Aim of the exercise:
Produce a word-for-word copy of the data that follows, excluding images.

Data segment:

[Start of section]

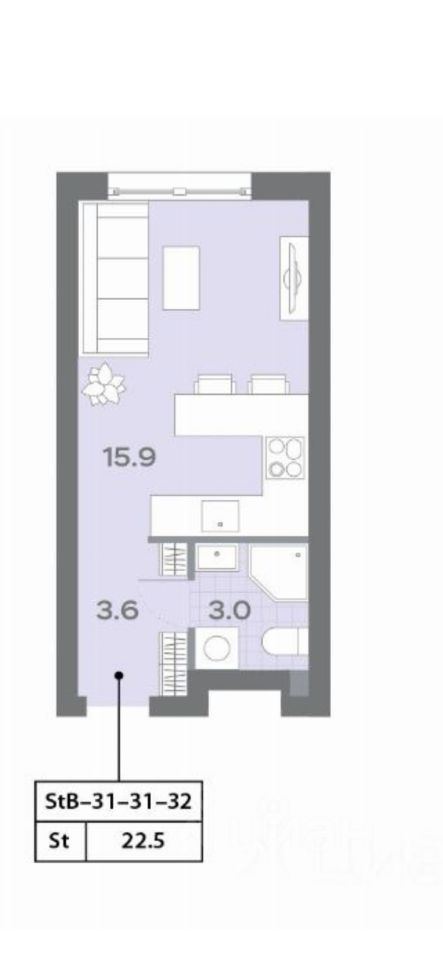 ПАРАМЕТРЫ: • 16 этаж из 32 • Площадь 22.4 м² • Чистовая отделка • Дом сдан, выдача ключей ожидается в ближайшие 1-2 месяца
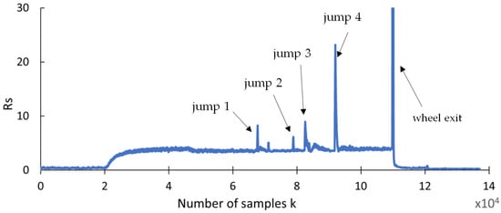 An analysis of the chart in Figure 9 reveals that the range indicator (Rs) exhibits significant variations in magnitude at the points in the waveform where signal spikes occur. Furthermore, for a monotonic waveform, the values remain stable, except at the locations influenced by these spikes. This suggests that Rs can be used both for detecting jumps and as a defect indicator.
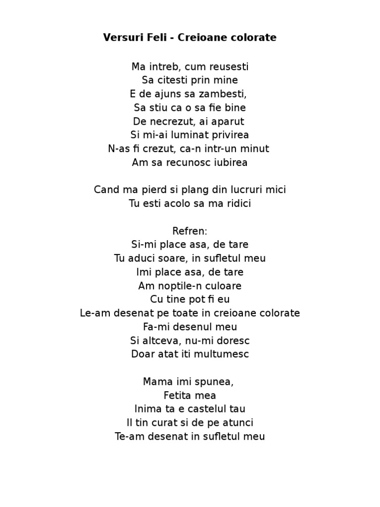 Versuri Versuri In Romana Feli Creioane Colorate Versuri

[End of section]

Task response:
 ПАРАМЕТРЫ: • 16 этаж из 32 • Площадь 22.4 м² • Чистовая отделка • Дом сдан, выдача ключей ожидается в ближайшие 1-2 месяца
 An analysis of the chart in Figure 9 reveals that the range indicator (Rs) exhibits significant variations in magnitude at the points in the waveform where signal spikes occur. Furthermore, for a monotonic waveform, the values remain stable, except at the locations influenced by these spikes. This suggests that Rs can be used both for detecting jumps and as a defect indicator.
 Versuri Versuri In Romana Feli Creioane Colorate Versuri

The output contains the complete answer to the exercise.